### Directions:
Retype the entries below exactly, dropping the images.

(Records drawn from a dataset)
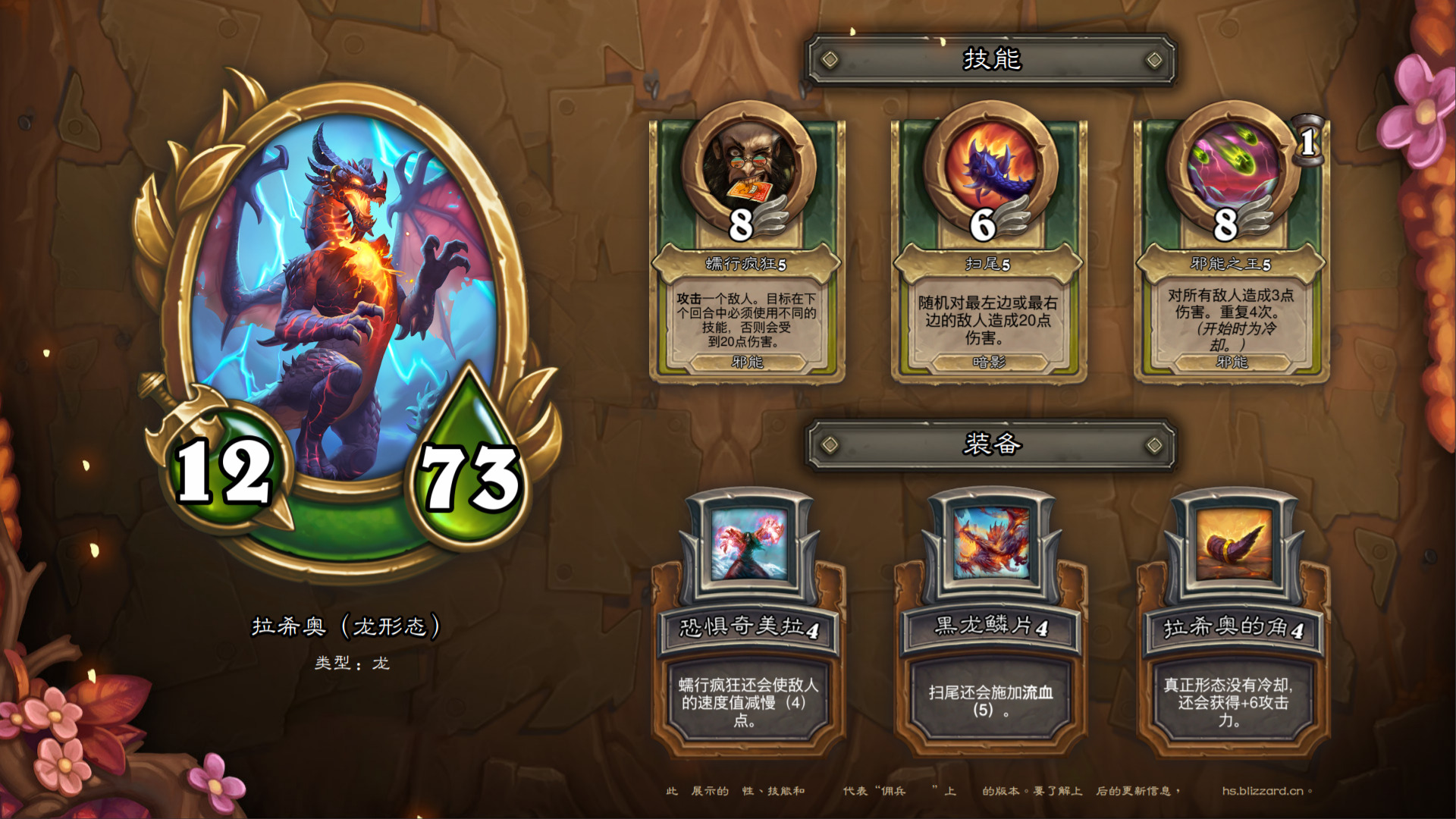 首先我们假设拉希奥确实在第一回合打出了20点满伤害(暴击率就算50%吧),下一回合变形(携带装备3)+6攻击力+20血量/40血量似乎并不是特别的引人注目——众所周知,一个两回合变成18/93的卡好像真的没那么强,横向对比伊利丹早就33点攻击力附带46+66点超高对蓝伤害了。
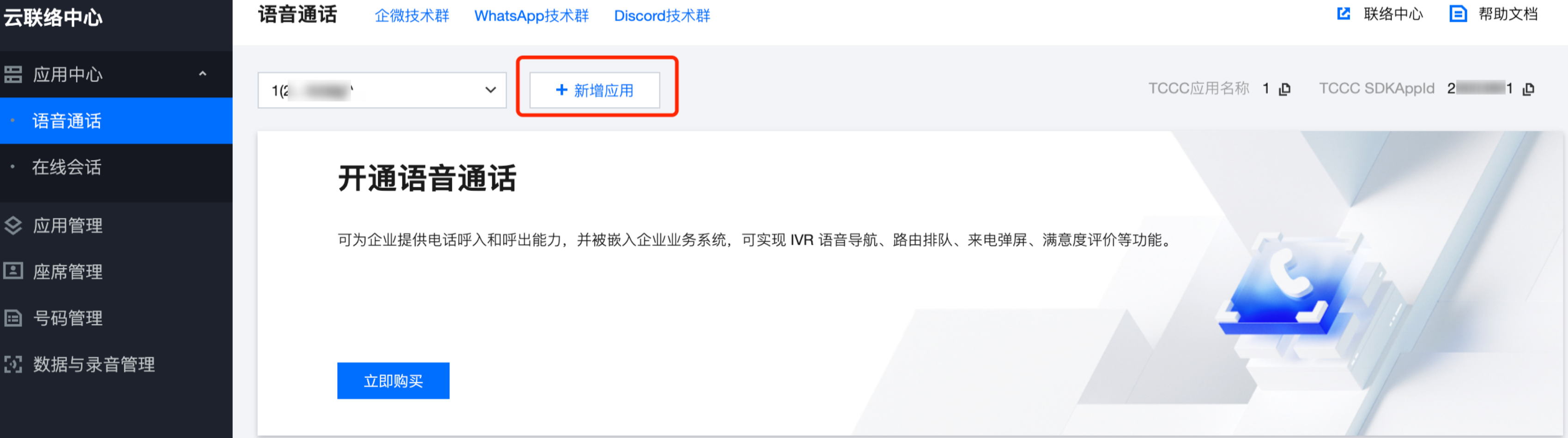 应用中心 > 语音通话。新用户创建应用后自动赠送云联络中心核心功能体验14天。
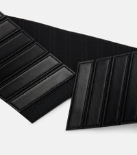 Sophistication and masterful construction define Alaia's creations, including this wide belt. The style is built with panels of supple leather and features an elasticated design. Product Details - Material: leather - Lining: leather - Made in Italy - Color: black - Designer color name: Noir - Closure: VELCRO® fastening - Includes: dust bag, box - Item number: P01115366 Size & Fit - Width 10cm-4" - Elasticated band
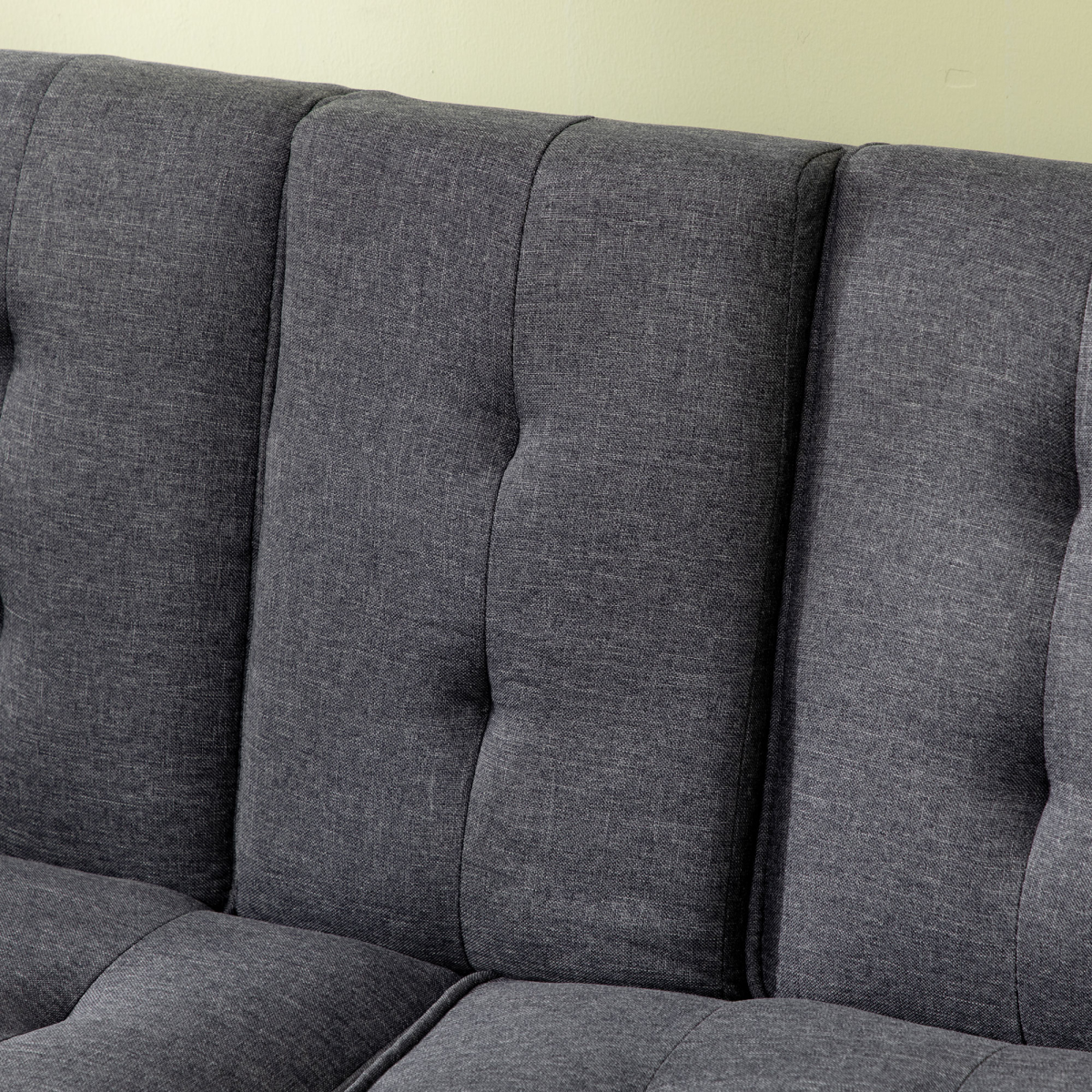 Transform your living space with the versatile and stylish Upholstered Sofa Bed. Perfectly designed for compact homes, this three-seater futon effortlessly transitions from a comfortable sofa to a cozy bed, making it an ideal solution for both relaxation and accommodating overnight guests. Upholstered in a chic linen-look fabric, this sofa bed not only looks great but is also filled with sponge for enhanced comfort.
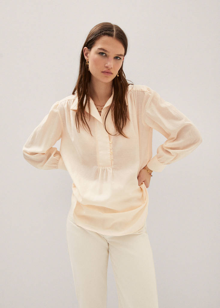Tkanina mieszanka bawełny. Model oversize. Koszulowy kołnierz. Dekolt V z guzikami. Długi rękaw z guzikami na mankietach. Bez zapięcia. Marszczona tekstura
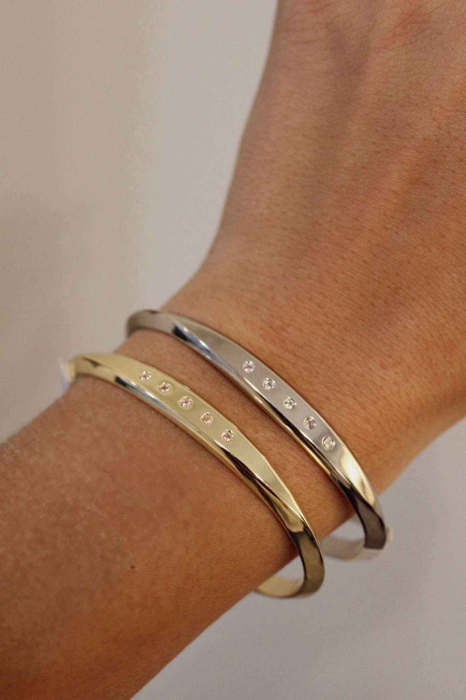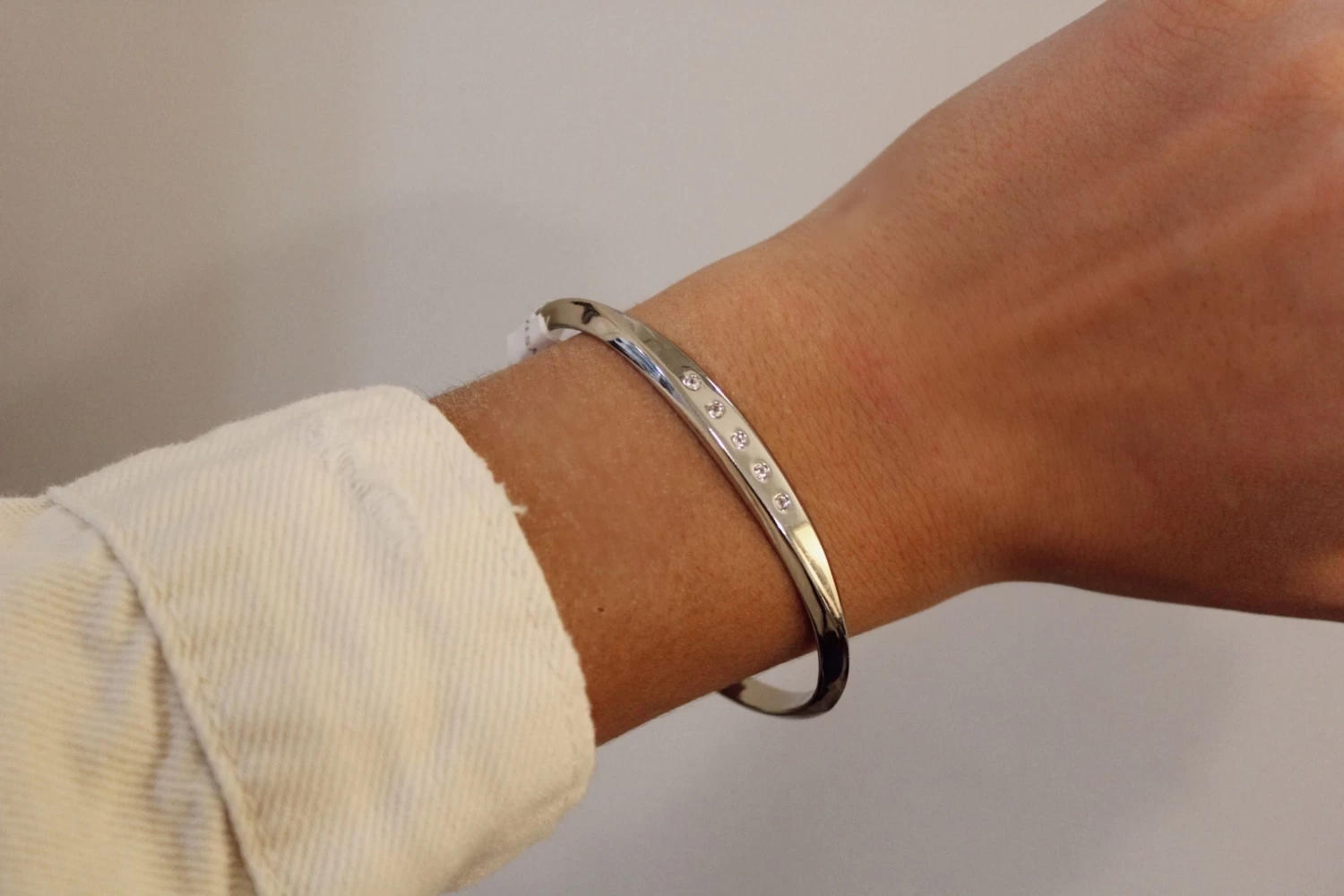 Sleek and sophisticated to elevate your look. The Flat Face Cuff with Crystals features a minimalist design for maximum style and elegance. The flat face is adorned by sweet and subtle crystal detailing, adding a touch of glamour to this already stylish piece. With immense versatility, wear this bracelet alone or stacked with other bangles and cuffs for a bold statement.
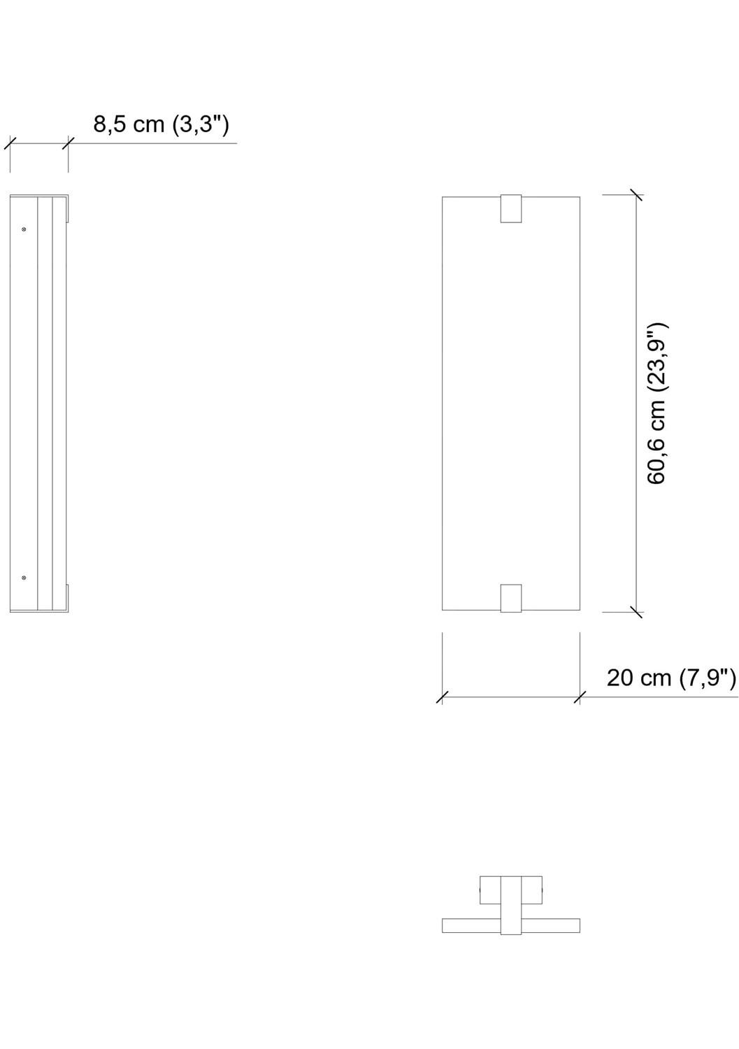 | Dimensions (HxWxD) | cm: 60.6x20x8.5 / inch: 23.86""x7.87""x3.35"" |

### Written response:
 首先我们假设拉希奥确实在第一回合打出了20点满伤害(暴击率就算50%吧),下一回合变形(携带装备3)+6攻击力+20血量/40血量似乎并不是特别的引人注目——众所周知,一个两回合变成18/93的卡好像真的没那么强,横向对比伊利丹早就33点攻击力附带46+66点超高对蓝伤害了。
 应用中心 > 语音通话。新用户创建应用后自动赠送云联络中心核心功能体验14天。
 Sophistication and masterful construction define Alaia's creations, including this wide belt. The style is built with panels of supple leather and features an elasticated design. Product Details - Material: leather - Lining: leather - Made in Italy - Color: black - Designer color name: Noir - Closure: VELCRO® fastening - Includes: dust bag, box - Item number: P01115366 Size & Fit - Width 10cm-4" - Elasticated band
 Transform your living space with the versatile and stylish Upholstered Sofa Bed. Perfectly designed for compact homes, this three-seater futon effortlessly transitions from a comfortable sofa to a cozy bed, making it an ideal solution for both relaxation and accommodating overnight guests. Upholstered in a chic linen-look fabric, this sofa bed not only looks great but is also filled with sponge for enhanced comfort.
Tkanina mieszanka bawełny. Model oversize. Koszulowy kołnierz. Dekolt V z guzikami. Długi rękaw z guzikami na mankietach. Bez zapięcia. Marszczona tekstura
 Sleek and sophisticated to elevate your look. The Flat Face Cuff with Crystals features a minimalist design for maximum style and elegance. The flat face is adorned by sweet and subtle crystal detailing, adding a touch of glamour to this already stylish piece. With immense versatility, wear this bracelet alone or stacked with other bangles and cuffs for a bold statement.
 | Dimensions (HxWxD) | cm: 60.6x20x8.5 / inch: 23.86""x7.87""x3.35"" |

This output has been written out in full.